The government should introduce a tax relief for social impact investments in order to widen the sector’s attraction to the retail market, specialist ethical financial advisers have said ahead of the autumn statement.
A period of consultation on a possible tax relief was closed in July. It set out to create incentives for investors who were looking to put their money in social enterprises and other socially-focused investment products.
“Big Society Capital tell us that tax reliefs could generate an extra half a billion pounds in social investments over the next five years”, David Cameron said in a speech in June. “And I am determined that we should see the benefits of that.”
Speaking ahead of the autumn statement on Thursday, Julian Parrott, a partner and financial adviser at Ethical Futures in Edinburgh, said, “I feel that the time has come to create wider participation from retail investors in the growing social impact investing space.
“The growth in this sector sits very well with the government’s ‘big society’ agenda but is currently the preserve of charities, foundations and high net-worth philanthropists.
“Tax relief would give the market the impetus to create retail products, such as enterprise investment scheme (EIS) and venture capital trusts (VCT) which might be attractive to the smaller investor and help to grow the market through wider market participation.”
However, there are a number of regulatory obstacles to overcome before a social investment tax relief becomes viable, according to Mark Hoskin, a partner at London-based Holden & Partners.
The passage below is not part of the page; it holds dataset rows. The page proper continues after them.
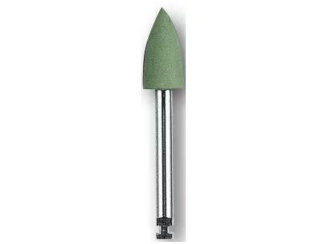 Black pre-polishers for rough removal and shaping of amalgam fillings without damaging tooth enamel. Brown polishers for pre-polishing and smoothing gold, amalgam and composite materials. Green polishers for high-gloss polishing of gold, amalgam and composite materials. Mounted for contra-angle handpiece. Recommended speed 5,000 - 10,000 rpm. One pack contains 12 pieces of a mold. Color: green Shape: Torpedo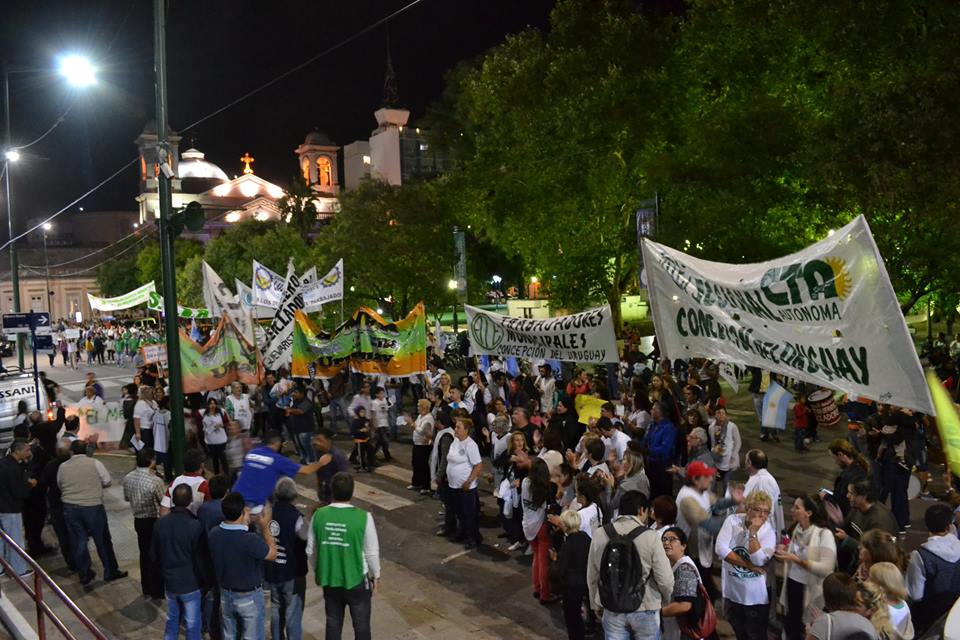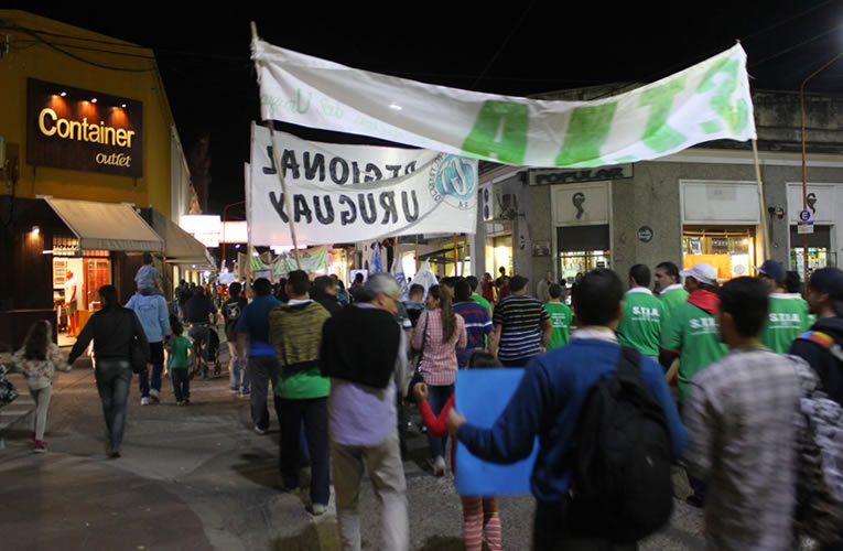 Aproximadamente unos mil trabajadores uruguayenses se dieron cita sobre calle San Martín, frente al Centro Cívico, en una marcha convocadas por los gremios locales enrolados en la Central de Trabajadores Argentinos (CTA) y la Confederación General del Trabajo (CGT).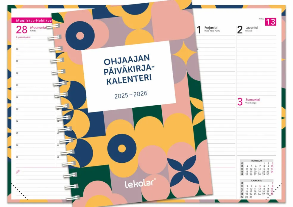 Koulunkäynninohjaajille sekä aamu- ja iltapäivätoiminnan ohjaajille. Suunniteltu yhteistyössä käyttäjien kanssa. Kalenteriosion lisäksi sisältää mm. ohjaajan omat työjärjestykset, luokan lukujärjestykset, luokan yhteystiedot, sivut kuljetusten hoitamiseen, viikoittaiset suunnittelusivut sekä runsaasti muistiinpanotilaa. Viikkoaukeama, lukuvuosijako. Takakannessa kätevä säilytystasku, kirjamerkkiläppä helpottaa tärkeän sivun löytämistä. Koko A5, 176 sivua, parikierresidottu. Ympäristöystävälliset, laminoidut kovapahvikannet.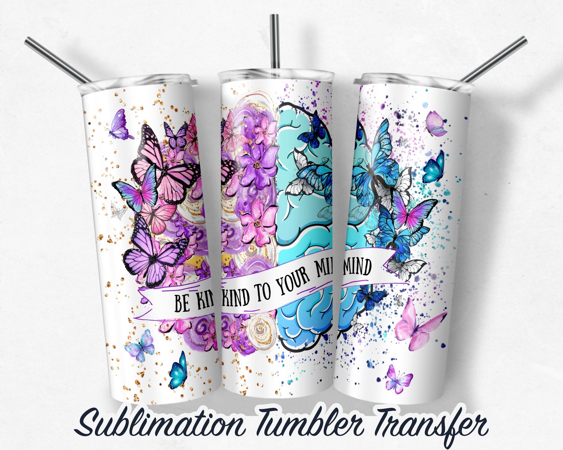 Butterflies - Sublimation Transfer Print For 20oz Tumbler - 30 oz Tumbler - Ready To Press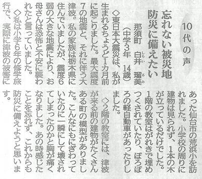 「東日本大震災は、私が生まれるちょうど1ヶ月前に起こりました。・・・私は小学6年の修学旅行で、実際に津波の被害にあった仙台市の荒浜小を訪れました。・・・あのとき感じたことを忘れず、これからも防災に備えようと思います。」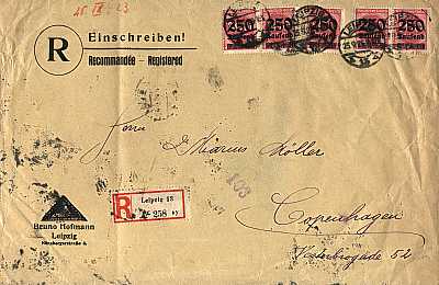 Inlandsbrief mit Einschreiben (1-20 g) vom 22.09.1923 (18. Periode) frankiert mit 2 Marken a 250 000 Mark auf 500 Mark (=500 000 Mark, 250 000 Brief 250 000 Einschreiben) |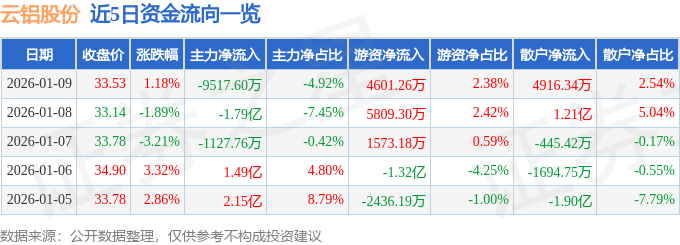 证券之星消息,截至2026年1月9日收盘,云铝股份(000807)报收于33.53元,上涨1.18%,换手率1.65%,成交量57.36万手,成交额19.33亿元。

He said that while it “may be good PR for government”, the likelihood of such a product reaching the adviser community was slim given current regulations.
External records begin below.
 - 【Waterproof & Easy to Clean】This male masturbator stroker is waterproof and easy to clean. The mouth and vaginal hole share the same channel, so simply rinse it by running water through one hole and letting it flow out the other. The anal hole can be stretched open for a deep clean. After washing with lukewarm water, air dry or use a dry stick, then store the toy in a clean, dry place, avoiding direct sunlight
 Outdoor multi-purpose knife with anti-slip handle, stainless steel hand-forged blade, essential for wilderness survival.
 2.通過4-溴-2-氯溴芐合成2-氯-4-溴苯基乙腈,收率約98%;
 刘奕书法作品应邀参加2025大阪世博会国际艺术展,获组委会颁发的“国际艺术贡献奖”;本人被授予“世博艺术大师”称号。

“A key point to be made to the Financial Conduct Authority (FCA) would be that the motivation behind investors would not be totally financial. These types of investments lie between charity and investment”, Hoskin said.
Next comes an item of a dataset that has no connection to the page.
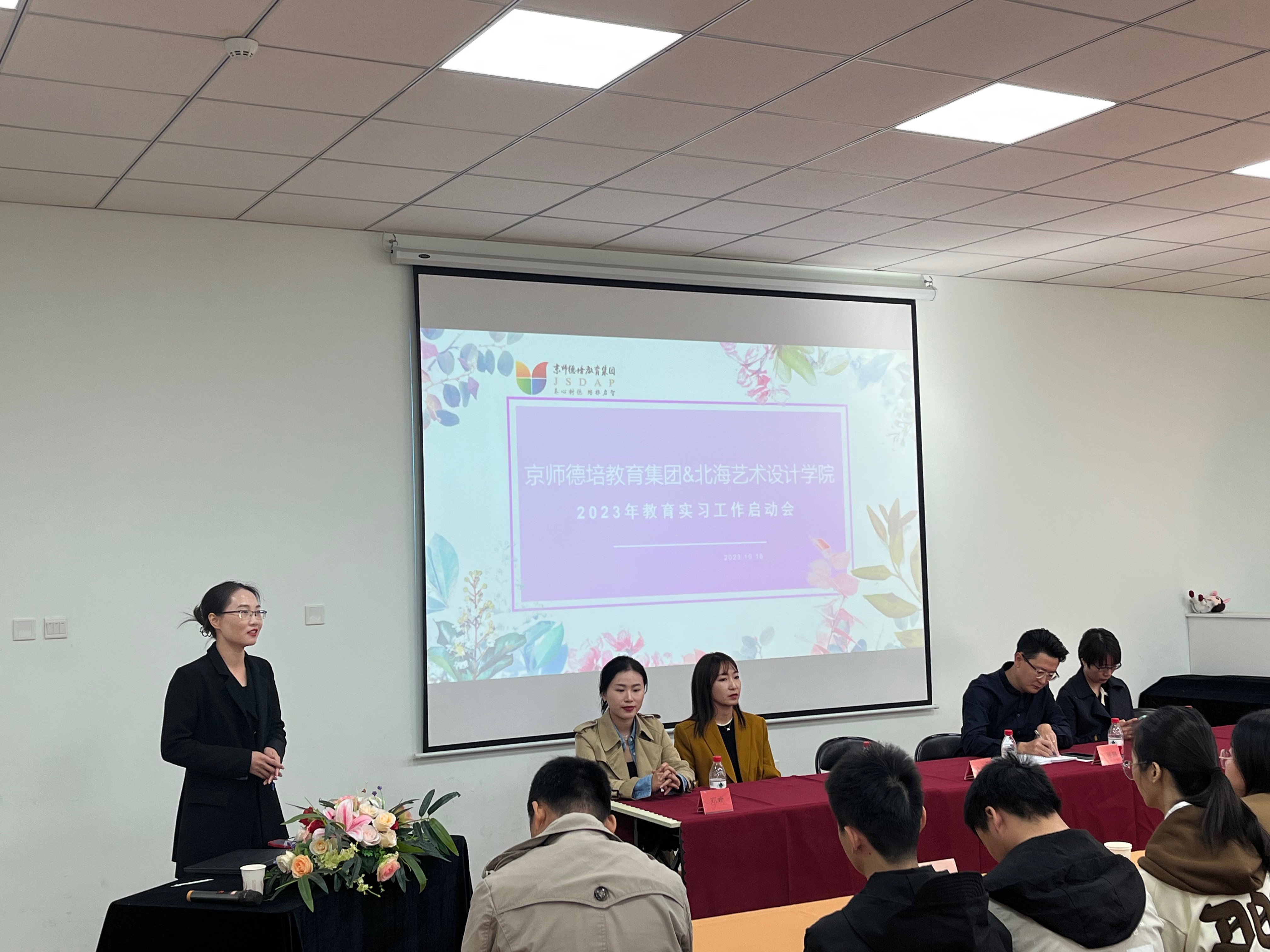 京师德培教育集团总园长丁振鹏、人文教育学院党总支副书记邓欢、北京实践基地办公室副主任严腾、学前教育教研室主任蒙剑英、实验室副主任冯小霞、2020级辅导员孔德相、京师德培教育集团各园长,以及2024届学前教育专业在该集团集中实习的39位同学出席会议。会议由京师德培教育集团人事负责人马艾萍主持。

He went on to suggest that the Treasury could place a cap of around £2,000 on contributions. This could reduce the consumer risk. He added, “At this level the FCA would allow the product to be marketed to retail investors without the need for specific advice.”
In addition to a carefully thought out social investment tax relief, Hoskin said he wanted to hear George Osborne deliver benefits to individual savings account (ISA) investors in the autumn statement.
He added, “I hope we hear about some extensions to the allowable investments within ISAs and no further tinkering to personal pensions, which is damaging the savings culture and encouraging more people to simply buy residential property, making residential property less and less accessible to the have-nots.”
The Telegraph reported on Tuesday that returns from crowdfunding products were set to be included in ISA investments.